For the next year their lives revolved around chemotherapy, surgery and radiation treatments. Bebe came through them with flying colors and cancer free according to her PET scan. However, she added, “I did not do the gong when I finished radiation because I did not feel like I had come to the end of my journey.”
They spent 2018 in Tupelo living life which included visits to Jackson for checkups. Bebe had always wanted to return home to Hernando to be close to her parents. Tupelo was better than Magee at only an hour and a half away. In 2019 God had other plans. “God told us to come back here because of Legacy Church. God knew before we knew that I needed to be back down here closer to the doctor. God knew.”
Ty and Bebe settled in to life in Magee. Then Covid hit. “In 2020 everybody had a low grade of stress all the time. I was taking care of my aunt’s estate because she passed away at the end of 2019. Every time I’ve had cancer stress caused it, I do believe. The very first time we were moving; I thought I had six months but I had six weeks to move by myself to clean the house out. I think that’s why the cancer grew so fast. Then it happened again at the very beginning of 2021. I had cancer in my bone so I had to go and have surgery done for that,” Bebe explained. It was the same kind of cancer as the previous breast cancer.
She had surgery in March 2021; doctors put a plate and screws in her hip. In addition, Bebe began another round of chemo treatments. Then in 2022 the plate came apart resulting in surgery in July to place a rod followed by a third surgery due to the rod breaking. In October Bebe had her left hip replaced. In December she had another PET scan that revealed brain cancer.
This latest diagnosis has been the most debilitating of her journey. Bebe had no surgery but did have radiation treatments which left her out of it she and Ty said. “I will say radiation on your brain is different from radiation on other parts of your body because I’ve had radiation on two other parts. The brain one is … Ty will tell you there were just weeks that I just sat here.” Ty said he worried about her the whole time. All she could eat was ice cream and Rice Krispies.

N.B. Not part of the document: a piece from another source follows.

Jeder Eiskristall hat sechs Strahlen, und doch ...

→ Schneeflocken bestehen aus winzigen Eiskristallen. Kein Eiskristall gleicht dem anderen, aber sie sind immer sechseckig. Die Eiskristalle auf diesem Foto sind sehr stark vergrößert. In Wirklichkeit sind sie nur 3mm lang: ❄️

She continued, “I’m not just surviving; I’m thriving! I really am. Believe me I know what it is just to survive because earlier this year I was literally just surviving. It was so weird when I went to have the blood clots out. That morning I was going to get up and have a treatment. I got up and I couldn’t catch my breath. I knew there was something wrong. I wasn’t driving then and my mother-in-law was going to take me to my treatment. When she got here we went on to Jackson. When they took my oxygen it was 80 something.” She stayed in ICU for three days. But the craziest part was after not eating for so long she started eating and the hospital food tasted good to her.

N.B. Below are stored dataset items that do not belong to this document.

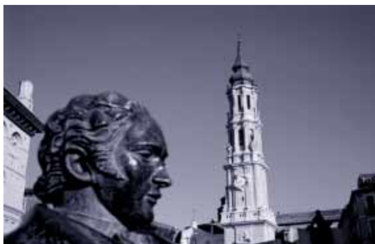
Zaragoza debe potenciar su rico y variado patrimonio cultural

La CIEP 2 –presidida por la Cámara de Comercio– prosigue su labor para potenciar el atractivo de Zaragoza como entorno empresarial idóneo, con criterios de innovación, calidad total y de sostenibilidad medioambiental . Aunque todavía no ha decidido sus acciones operativas para este año, sí conocemos la situación en que se encuentran las del ejercicio pasado.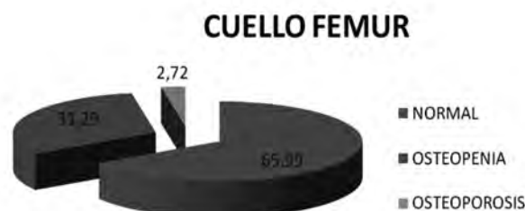
Gráfica 5. Porcentaje de trabajadores según DMO en cuello de fémur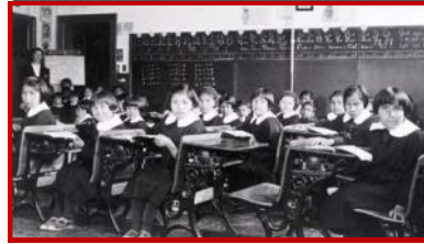
École résidentielle McIntosh

Société historique de St-Boniface, Notre-Dame-des-Prairies (Trappistes), St. Boniface Registered Nurses' Alumni, Club de raquettes, Sœurs Grises et l'hôpital, et Oblats et les écoles résidentielles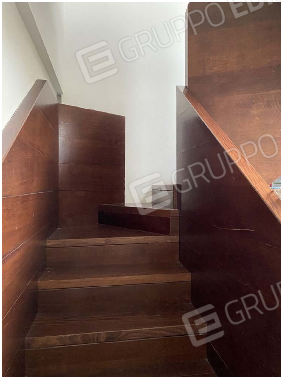
Scala interna tra piano primo e piano secondo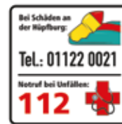
Kontaktdaten bei Schäden an der Hüpfburg, Notruf 112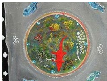
Il cocodrillo di Mitrovich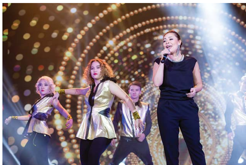
Музыкальное поздравление от Дильназ Ахмадиевой

Анна Гронская.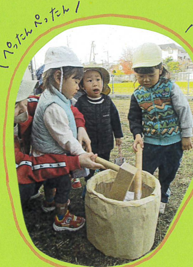
へったんへったん!

And thriving she is. Bebe travels every three weeks to visit her father in Hernando. She teaches a Wednesday morning Bible study, nationally known D-Group and has done so since the days of Covid. She recently resumed her volunteering with the Overflow Food Pantry. In addition, Bebe attends a Wednesday night Bible study. Together she and Ty attend a Thursday night small group through Legacy Church led by their pastor, Jacob McKenzie.
“Before I was diagnosed death is like in the distance, blurry but in the distance. But when death comes face to face with you, your life changes. I just don’t know how people do this without God. I don’t see how they do it. I remember when I was going through chemo at night in bed alone I mean I wasn’t alone Ty was with me – but I was alone because it’s just me inside my head. At night when it’s just you, I said you’ve got to know that you know. I knew that I knew but I really knew that I knew after that! In the dark nights God was just always there. I never felt alone.”
“It’s like I’m a crumpled up leaf floating on a big river of God’s love. I’m not climbing mountains, I’m not doing anything. I’m just letting Him take me where He wants to take me…because that’s where I want to go anyway!”